When Sudha and I and the students had a lunch discussion over the role of history and what reading list she would recommend, we left out the work of Mokyr, North, yourself and others because students at GMU know about them. What we were interested - and I should have made this clear in my post - was not so much the work of economists in the field of history, but of historians who describe the thick approach that PhD students at Mason want to know about. Sudha, especially in so far as England is concerned, has a good grasp of the subject. This being said, there is much more out there and the work you mentioned is of course extremely relevant.

I think I see what you're trying to do. But including Mathias, Pollard, Kenwood and Lougheed, etc on the list includes "straight" economic history from a pre-cliometric perspective and these cannot be read without having a better grasp of standard theory and of the heavily revisionist work by Crafts, McCloskey et al that has followed.

Moroever, many of these authors try to be atheoretical but in fact bring in implicit theorizing which must be confronted by at least verbal supply and demand analysis. [See Mokyr's "Demand vs Supply in the IR" for a mostly non-technical takedown of ambiguous reasoning in earlier historical work.]

But I do see the value of thick history to complement economic history which is often too narrowly statistical. But as a comparison of earlier statistics -- which are used descriptively by many on your list -- to post Cliometric work shows the alternative to using statistics and explicit theory is often statistical description with implicit theorizing.

I realize I am biased, but I don't see how it is possible to do social history of the British IR without dealing with explicitly economic frameworks.

1. There’s just a bit more than tables & non-theory in the works cited. They deal (inter alia) with such things as: various craft activities, the actual goods produced, new services supplied, changes in agricultural activities, changes in direction of trade, in imports & exports, etc. These are what people actually did. _Without_ these, no statistical & other constructs. It is such activities that supply the ‘data’ for cliometrics. Thus the two can be placed side by side. Incidentally, Maxine Berg _does_ cover both Crafts & also Feinstein, etc.

2. ‘Social’ history is necessary (inter alia) to understand changes & modifications in the ends that people regarded as valuable. This in turn brings about changes in the content of the means used. Thus there are changes in people’s activities, in the goods & services produced, etc. Certainly the range of goods & services produced expands, as do quantities produced; & qualities improve. But this manifests as: more people now achieving a wider range of the ends they regard as valuable. We come back to changes in people’s actions, in the kinds of things they do.

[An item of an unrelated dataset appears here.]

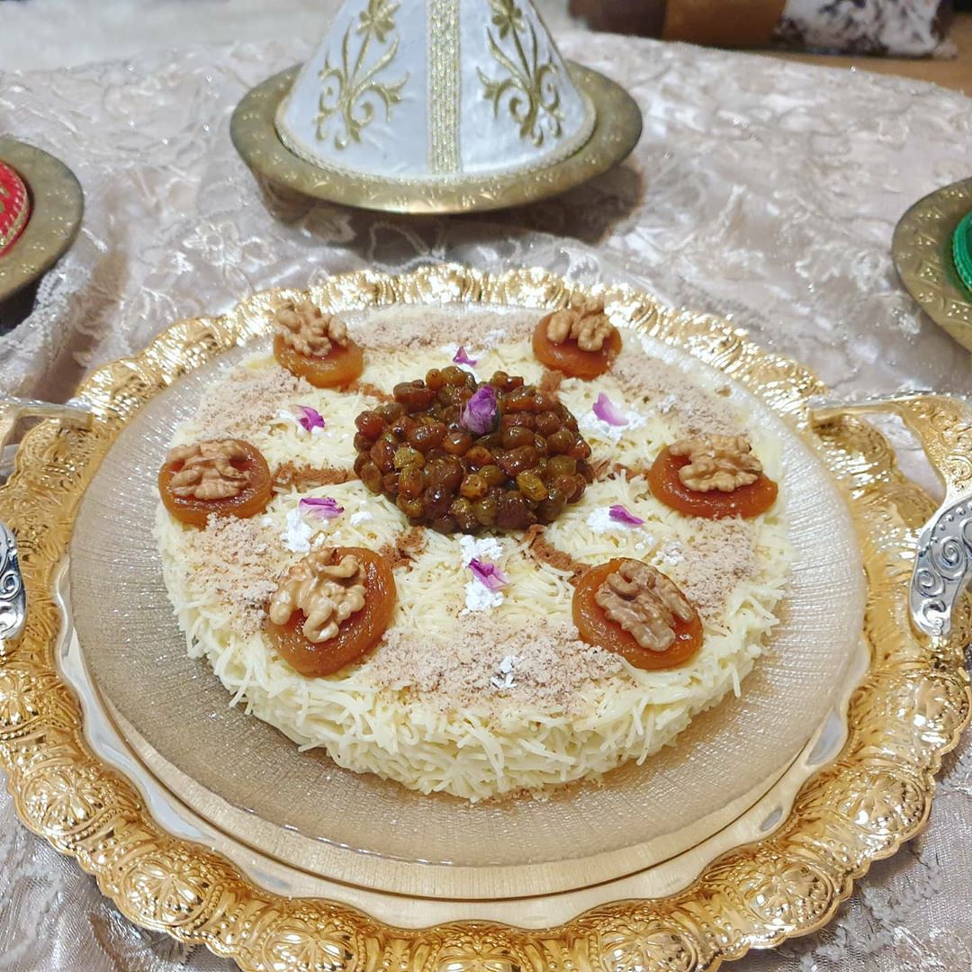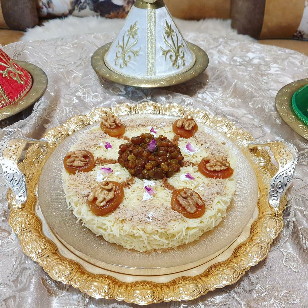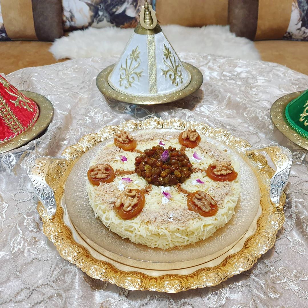 حطيت فوق منها المشماش لي معسل ودايرة فوقو كركاع وفالوسط درت الزبيب وزينت بالسكر الصقيل واللوز لي محمر بقشورو ومطحون والقرفة وشوية من الورد البلدي كإضافة

What sorts of changes then follow in the ‘data’ used in cliometrics? That depends on the particular circumstances.

3. The ‘Industrial Revolution’ so-called. -- Once upon a time, a huge discontinuity was seen in the period running from the late 18th to the early 19th century. That was _before_ all the research into the changes, ‘expansion’, etc. in early modern England, especially into the vast new range of consumer goods produced/imported. Once the picture of the 16th/17th centuries became much clearer, the continuities into the 18th century appeared, & the further changes that occurred in it also became much clearer. Then Crafts & others constructed growth rates that apparently changed little through the 18th century & into the early 19th. At grass roots level, there are gradual but cumulative changes in what people did.

This is what the term _now_ covers. As research proceeds, no doubt our picture of the 16th-18th centuries will continue to change, be modified, etc.

Would you be able to provide also a list of essential reading in the history of economic thought? It would be a useful complement to Sudha's list, I think.